RBI could make greater use of spot market intervention - which would run down central bank reserves - or may just opt to let the rupee weaken according to macroeconomic fundamentals, analysts and traders believe.

“We believe depreciation pressure on INR would continue to persist in FY23,” QuantEcon Research said in a note, adding that it expects “INR could weaken towards 81 to a dollar before the end of FY23.”

Indian shares fall; crude producers jump on sale deregulation

The rupee has lost more than 6% against the dollar so far this year, and analysts believe it is likely to weaken further.

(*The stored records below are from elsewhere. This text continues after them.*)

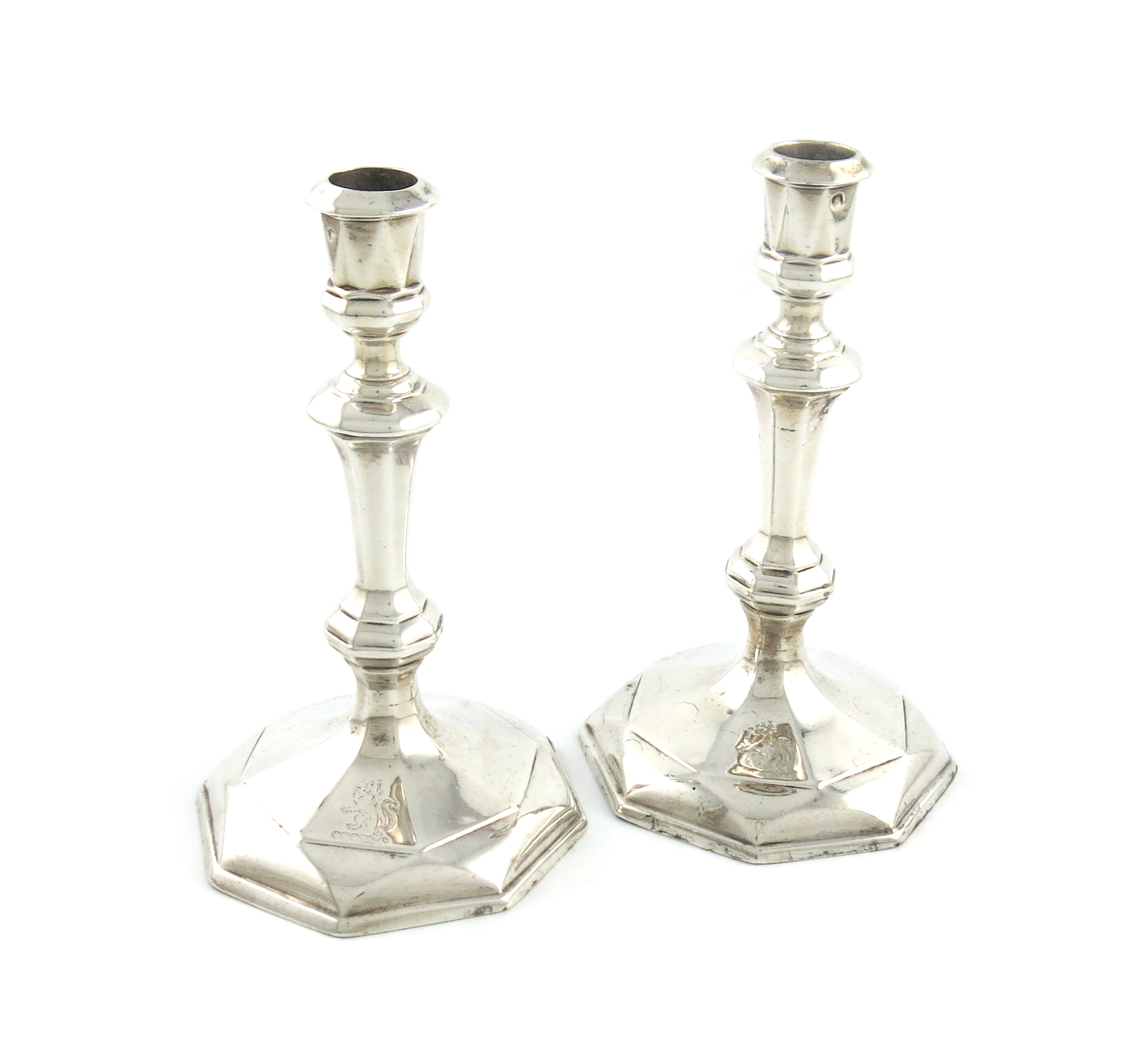 octagonal baluster stems, spool shaped capitals, on raised octagonal bases, engraved with a crest, height 18.5cm, approx. weight 24.5oz. (2)
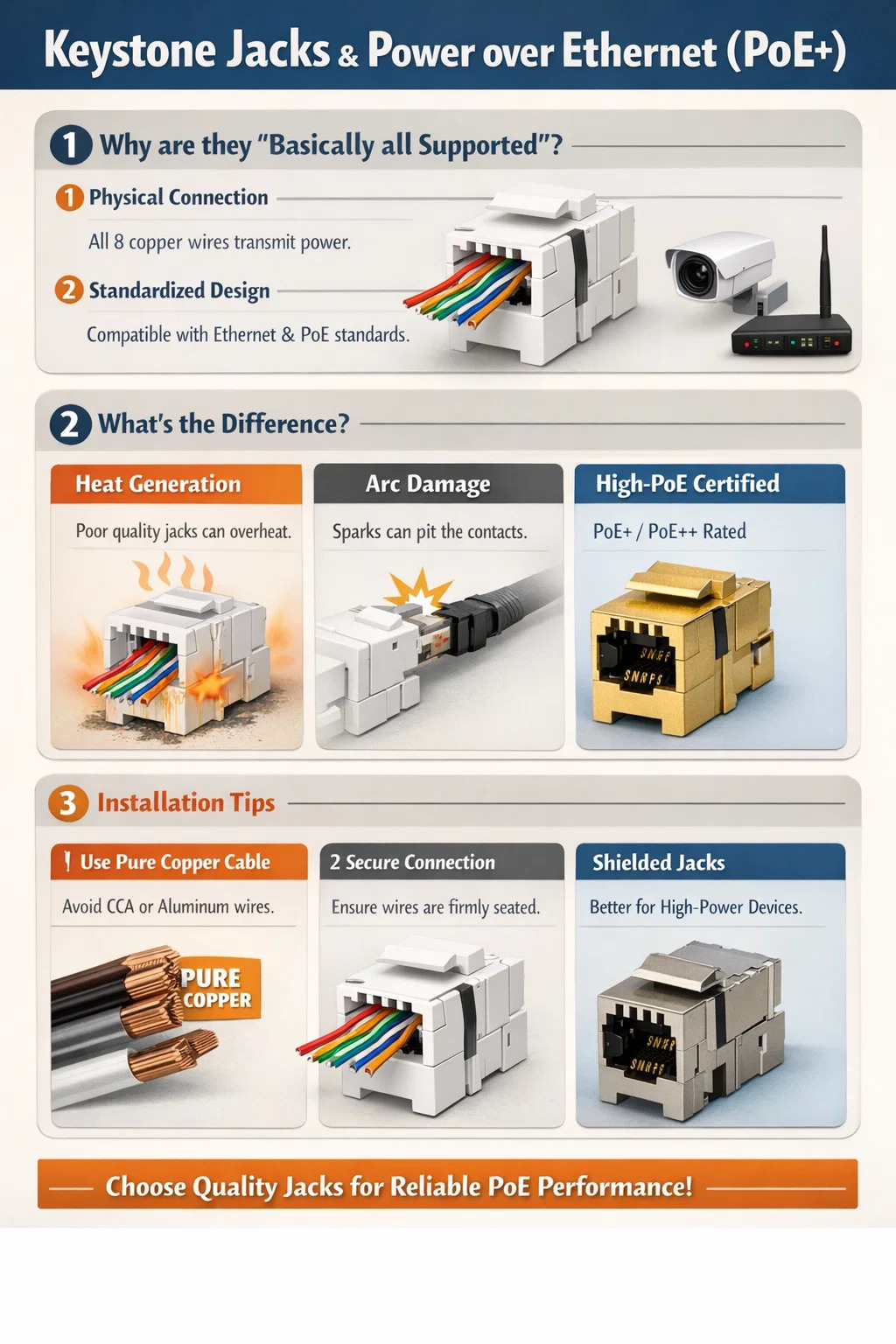 Ang karamihan sa mga karaniwang network cable connectors ( Mga Keystone Jack ) pisikal na sumusuporta sa Power over Ethernet (PoE), ngunit hindi lahat ng produkto ay pantay na maaasahan sa ilalim ng aktwal na operasyong may mataas na karga.
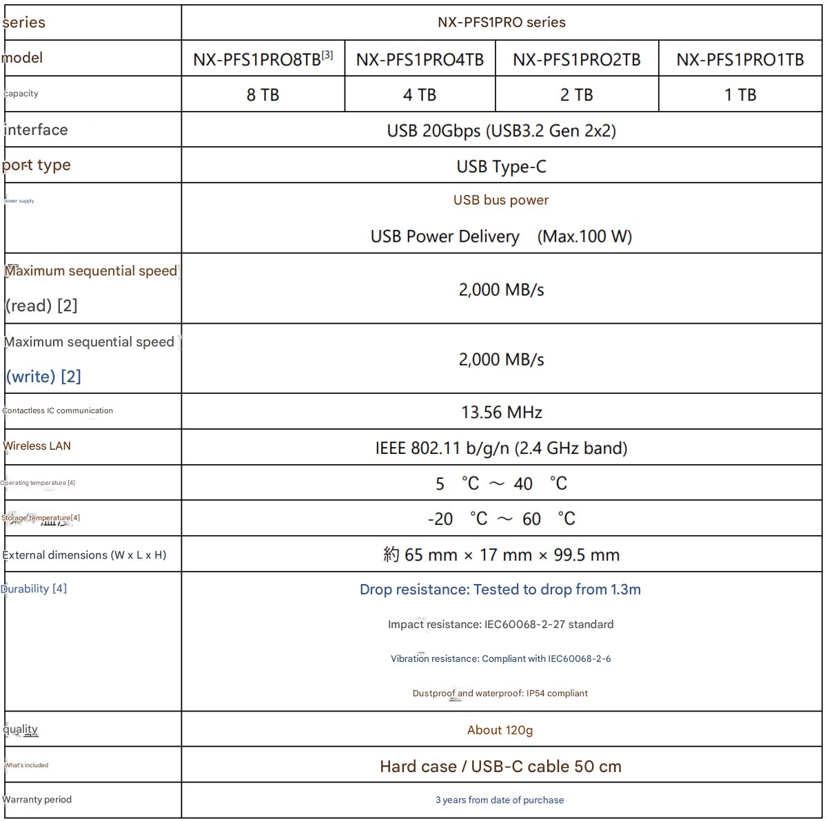 Le Nextorage NX-PFS1PRO a été officiellement dévoilé au Japon. Il s'agit d'un nouveau SSD portable qui peut être acheté avec une capacité de stockage allant jusqu'à 8 To, et quelle que soit la capacité choisie, la vitesse de transfert du disque est évaluée à 20 Gbps, via l'interface USB 3.2 Gen 2x2 Type-C.
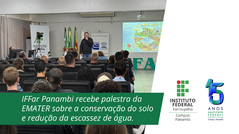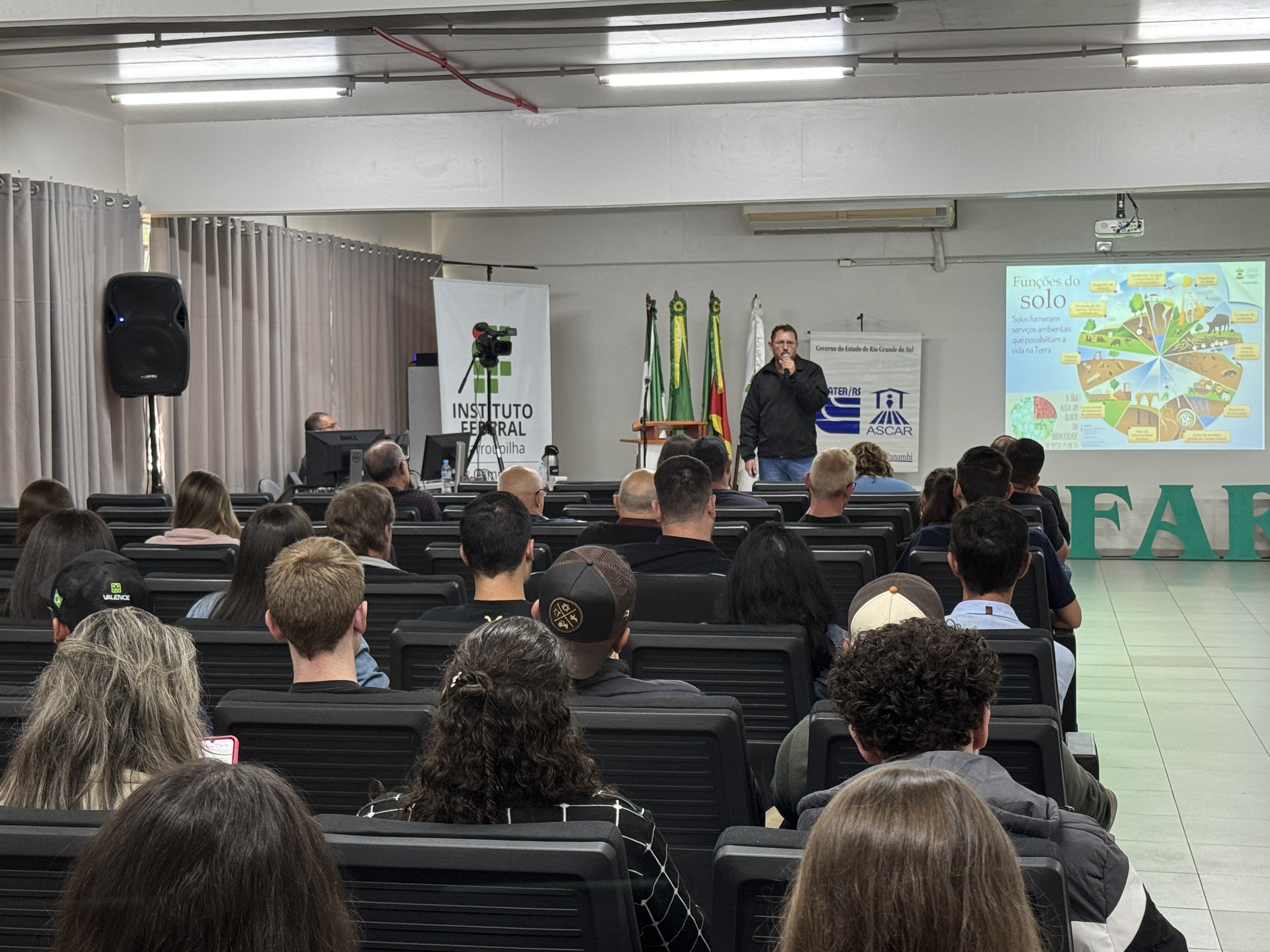 No dia 24 de abril de 2025, o IFFar Panambi realizou uma palestra em parceria com a EMATER com o tema “Como armazenar mais água no solo e reduzir os efeitos das estiagens”. Participaram do evento duas turmas do curso de Agronomia e três turmas do curso técnico integrado em Agricultura.
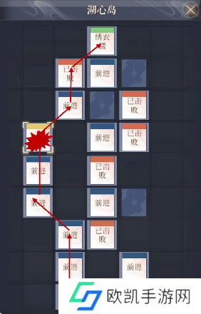 5、湖心岛:前进-小铜匣-前进-敌人-绣衣楼
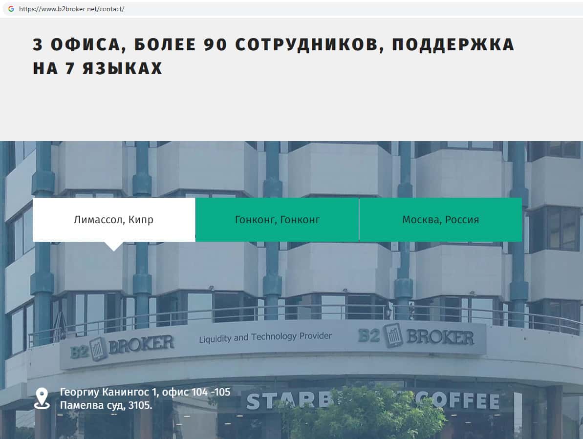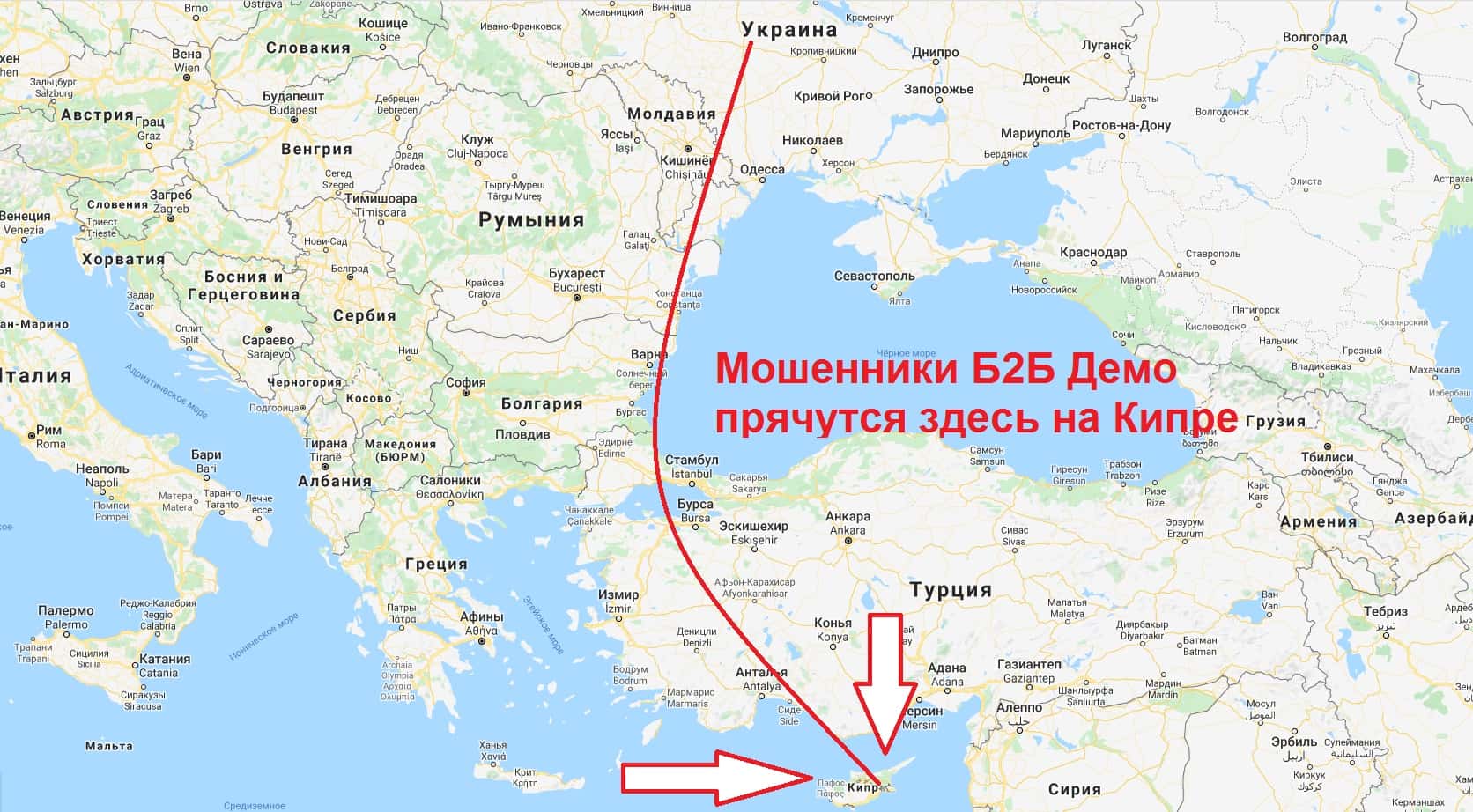 Жульническая организация Б2Б Демо не указывает местонахождение компании, но на основном сайте брокерской конторы Б2Брокер указано то, что данная скам-компания имеет оффшорное место регистрации, а именно на Кипре, что является показателем того, что компания не подходит для граждан РФ.
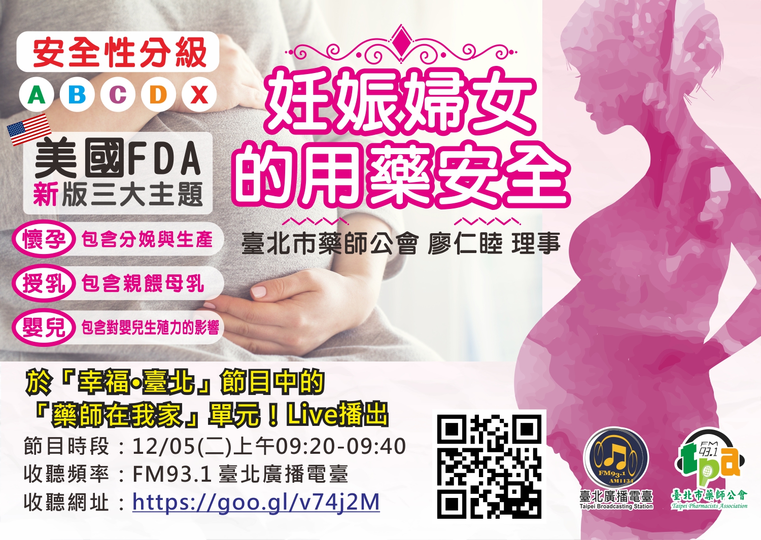 節目中將介紹「台灣藥物的安全性分級」、「使用上有無限制或問題 」、「原有慢性病用藥,懷孕後需要停藥嗎? 」以及「中藥比西藥安全? 」。
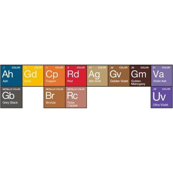 - Gm – Golden Mahogany .35 (Złoto-Miedziany) – Wspaniały do nadania blasku i wyciągnięcia złotych refleksów z brązów, do nadania głębi ciemnym brązom
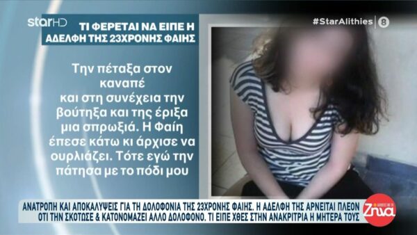 Ανατροπή και αποκαλύψεις για τη δολοφονία της 23χρονη Φαίης – Η αδερφή της αρνείται τις κατηγορίες και κατονομάζει τον δολοφόνο
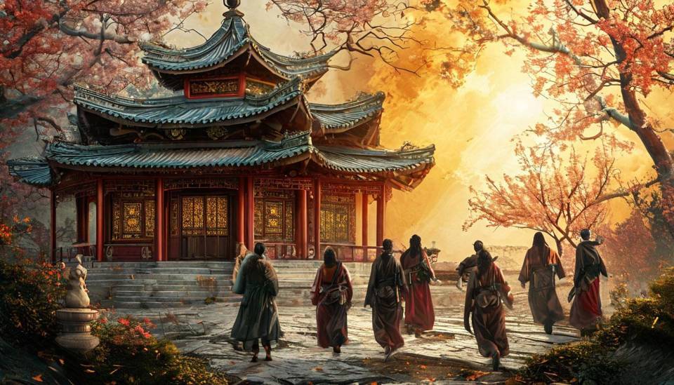 Чтобы узнаваемо, читаемо, но не прямое копирование. Завершим же «попаданческую» часть — троицей главных героев, любующихся цветением зимней сливы на фоне величественных гор. Куньлунь или других — оставим додумывать зрителю.
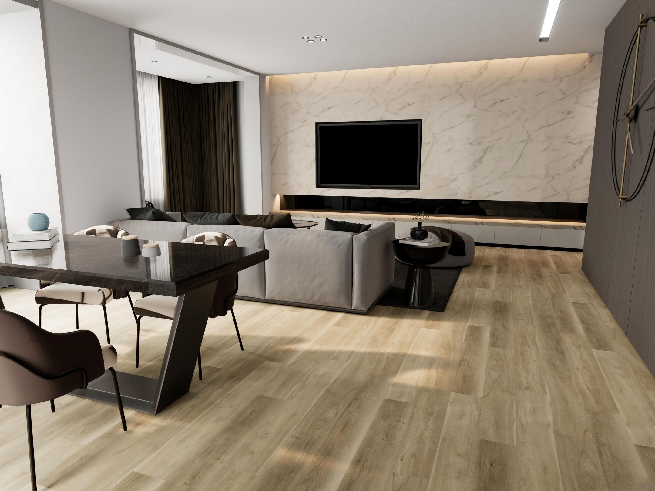 Ce plancher de vinyle, de qualité supérieure, est durable et facile d’entretien. De plus, il est résistant à l’eau et aux taches. Et son système "clic" permet une installation facile et rapide.
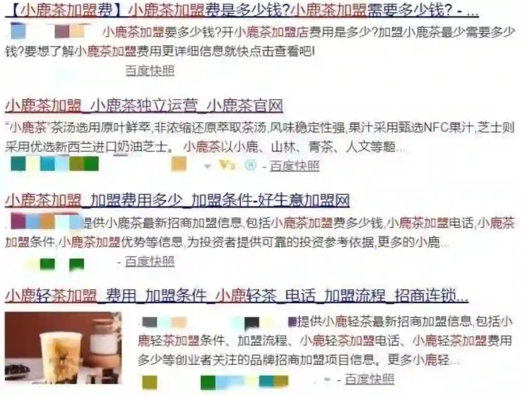 随便搜个奶茶品牌,正牌官网都是掩盖在各种山寨加盟信息之下的。不管什么品牌都可以一股脑放上去,几乎没有审核可言。就是我们这种天天研究奶茶行业的,也免不了看走眼。这不,最近小鹿茶的加盟信息就一搜一大把了。

“The Indian Rupee has been adversely affected mainly by the FIIs pulling out funds from the equity market, rising crude prices, the deteriorating trade balance and dollar strengthening,” analysts at Emkay Wealth Management said in a note.

Foreign institutional investors have sold local shares worth $28.4 billion so far in 2022 and dumped bonds worth $2.3 billion.

Indian shares fell after a four-session rally, as worries about high oil prices and inflation returned to the forefront.

Asian currencies and stocks fell as weak U.S. economic data dented risk sentiment and overshadowed optimism around the easing of some COVID-19 restrictions in China.